Шрифт:
Нас разделяло два трупа. Малейшее движение вызывало у меня острую боль в плече, и чтобы сократить путь, я решил было переползти через мертвецов. Но не посмел этого сделать. Я полз на коленях, помогая себе одной рукой. Когда я добрался до полковника, я вздохнул с облегчением: теперь я не так одинок; мы умрем вместе, — и умирать будет совсем не страшно.
Мне хотелось, чтобы полковник увидел солнце, и я как можно бережнее перевернул его на спину. Когда солнечные лучи упали ему на лицо, он глубоко вздохнул и открыл глаза. Склонившись над ним, я постарался улыбнуться. Он снова опустил веки; по его дрожащим губам я понял, что он в сознании.
— Это вы, Гурдон? — наконец спросил он слабым голосом. — Мы выиграли битву?
— Кажется, так, господин полковник, — ответил я.
С минуту он молчал. Потом, вновь открыв глаза, внимательно посмотрел на меня:
— Куда вы ранены? — спросил он.
— В плечо… — ответил я. — А вы, господин полковник?
— Видимо, у меня раздроблен локоть. Если не ошибаюсь, нас уложило одно и то же ядро.
Он с трудом приподнялся и сел.
— Но что же, — воскликнул он в порыве внезапной веселости. — Мы ведь не собираемся здесь ночевать?
Трудно себе представить, как приободрило меня это добродушное мужество. Теперь мы боролись за жизнь вдвоем, и я воспрянул духом.
— Постойте, я перевяжу платком вам руку, — воскликнул я, — мы будем помогать друг другу и постараемся дойти до ближайшего лазарета.
— Правильно, мой друг… Не затягивайте так туго платок… А теперь давайте поддержим друг друга здоровой рукой и постараемся подняться.

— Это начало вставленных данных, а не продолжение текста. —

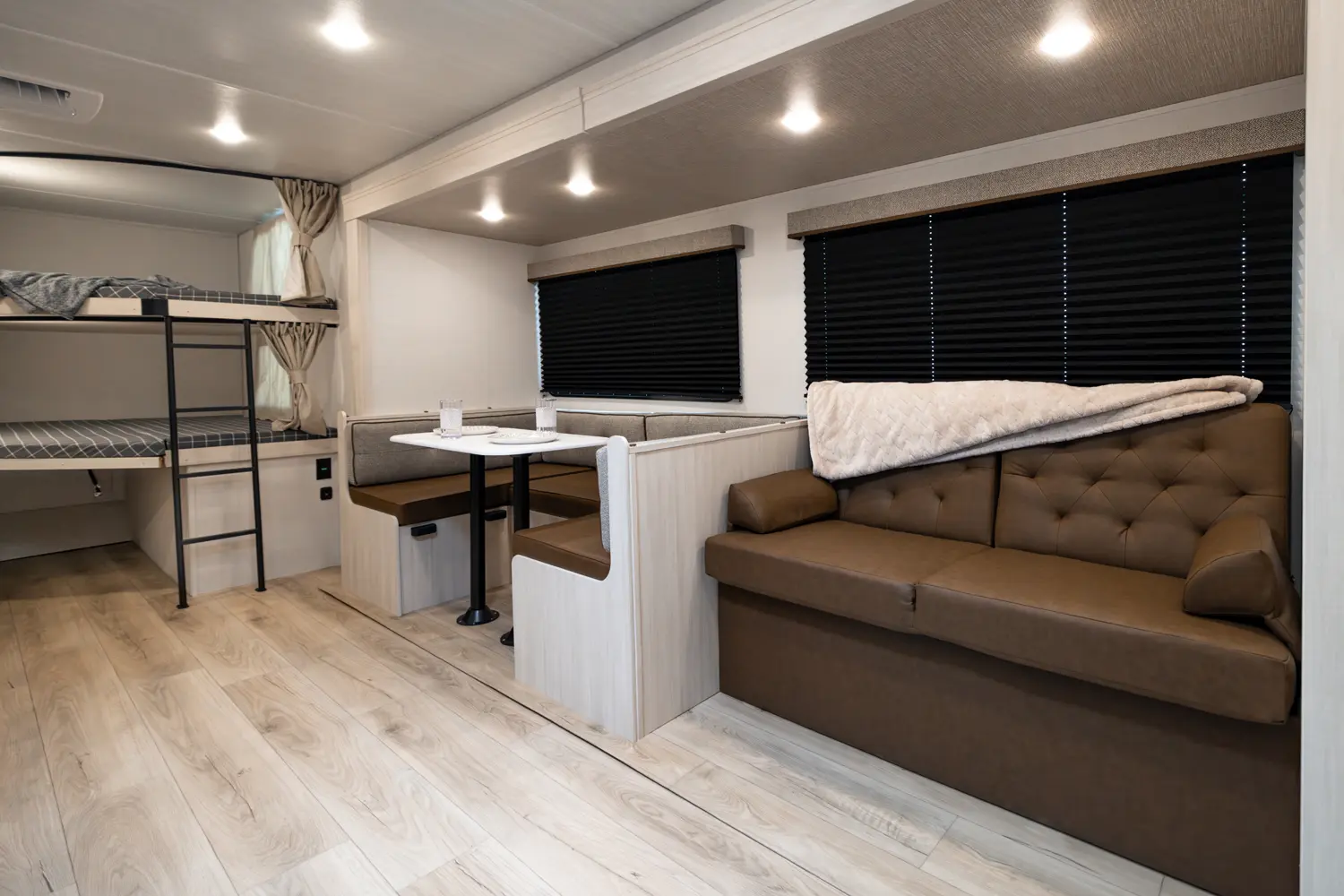 This 33' 4" travel trailer features a front queen bed, a convertible U-shaped dinette, and a rear corner bunkhouse with a ladder-accessible top bunk. The kitchen includes a 10 cu. ft. 12V refrigerator, oven, and stovetop. Exterior amenities include a 19' electric awning, outdoor camp kitchen, and a hot & cold spray port.
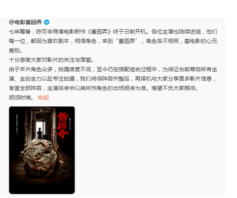 最近的娱乐圈就像《开始推理吧》照进现实,各路人马从蛛丝马迹中找寻《酱园弄》的班底线索。12月14日,《酱园弄》在微博发表官方声明,大意是电影已经开机演员择日再宣,其中最好品的是这一句“主演排序会以其所饰角色的出场顺序为准”。
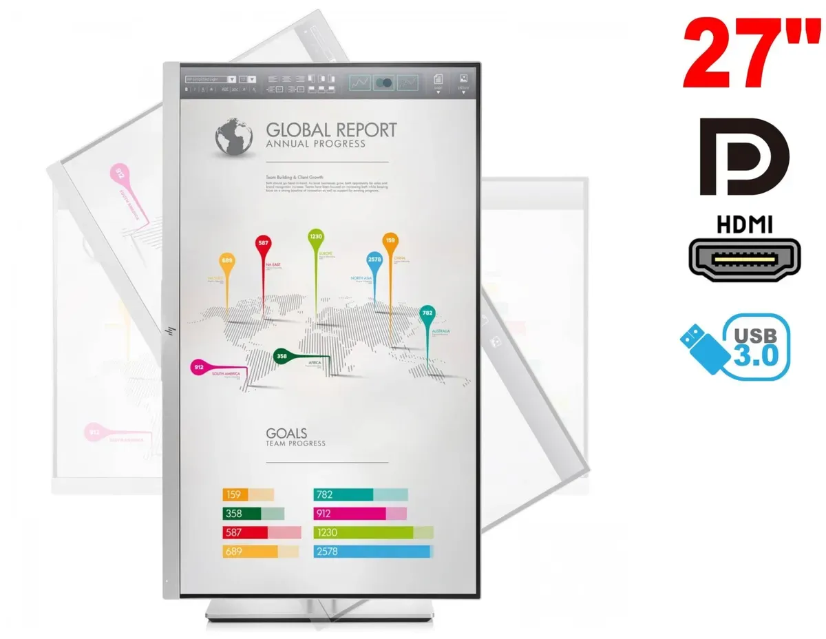 Монітор HP EliteDisplay E273Q / 27" (2560x1440) IPS / 1x HDMI, 1x DP, 1x VGA, 2x USB 3.0, 1x USB Type-C / VESA 100x100 / Pivot б/в

Полковник старался шутить, но губы его судорожно кривились, а смех походил на рыдания. Мне казалось, что мы вот-вот упадем и больше не поднимемся. Временами нас охватывала слабость, тогда мы останавливались и закрывали глаза. Вдалеке на темной равнине серыми пятнами выделялись походные лазареты.
Но вот мы наткнулись на большой камень и оба упали. Полковник стал ругаться, как извозчик. Не имея сил встать, мы поползли, то и дело напарываясь на колючки. Так, на четвереньках, мы проползли сотню метров. Но колени у нас были разодраны в кровь.

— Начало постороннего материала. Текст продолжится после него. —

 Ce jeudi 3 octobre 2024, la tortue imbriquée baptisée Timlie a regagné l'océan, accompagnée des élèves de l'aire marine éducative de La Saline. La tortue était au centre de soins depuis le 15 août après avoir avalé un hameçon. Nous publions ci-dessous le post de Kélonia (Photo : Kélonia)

— С меня хватит, — сказал полковник, растягиваясь на земле. — Если случаю будет угодно, нас подберут. Поспим.
С трудом приподнявшись, я закричал из последних сил. Где-то вдалеке подбирали раненых; услыхав мой крик, к нам подбежали санитары и уложили нас рядом на носилки.

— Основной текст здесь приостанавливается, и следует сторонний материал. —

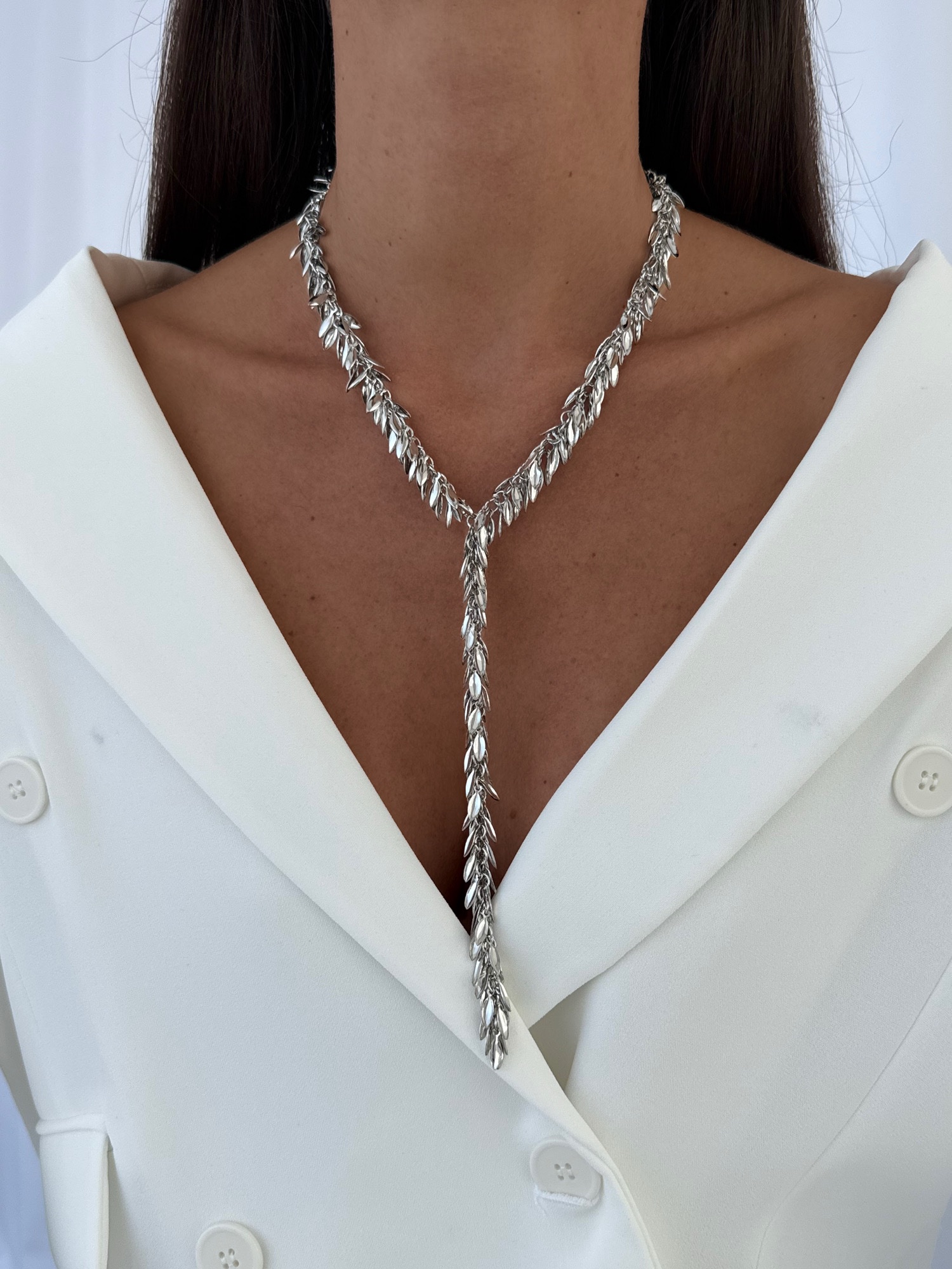 Özel Seri Saçak Yaprak Tasarım Gümüş Y Kolye

— Товарищ, — сказал полковник, когда нас понесли, — смерть нас не берет. Я обязан вам жизнью, я постараюсь отплатить добром, когда вы будете нуждаться в помощи… Дайте мне руку.
Я вложил свою руку в его, и так нас принесли в лазарет. При свете факелов хирурги кромсали и пилили конечности; раненые истошно кричали, окровавленное белье издавало тошнотворный запах, огонь факелов бросал красноватые блики на металлические тазы.
Полковник мужественно перенес ампутацию руки; я видел только, как побелели его губы, как затуманились глаза. Когда пришел мой черед, хирург, обследовавший мою рану, сказал:
— Это вас осколком хватило! Ударь он двумя сантиметрами ниже, и вам оторвало бы плечо. Кость не задета.
А когда я спросил у фельдшера, который меня перевязывал, опасна ли рана, он ответил, смеясь:
— Опасна? Недельки три пролежите в постели — нужно восстановить потерю крови.
Я повернулся к стене, не желая, чтобы видели мои слезы. Мне почудилось, что Бабэ и дядюшка Лазар смотрят на меня любящими глазами и простирают ко мне руки. Кровопролитные битвы остались позади, закончился день лета — лета моей жизни.
III
ОСЕНЬ
Вот уж скоро пятнадцать лет, как я сочетался браком с Бабэ в маленькой церкви моего дядюшки. Мы испросили свое счастье у нашей любимой долины. Я стал возделывать землю; Дюранса, моя первая возлюбленная, была теперь для меня доброй матерью; казалось, ей нравилось орошать и дарить плодородие моим нолям. Постепенно, применяя новые способы обработки, я становился одним из самых зажиточных хозяев округи.
После смерти родителей жены мы купили участок земли с дубовой аллеей и поемные луга у нашего берега реки. Здесь я и обосновался, построив небольшой домик, к которому вскоре пришлось делать пристройки; ежегодно мне удавалось присоединять к нашим землям соседние поля, и в амбарах с каждым новым урожаем становилось все теснее.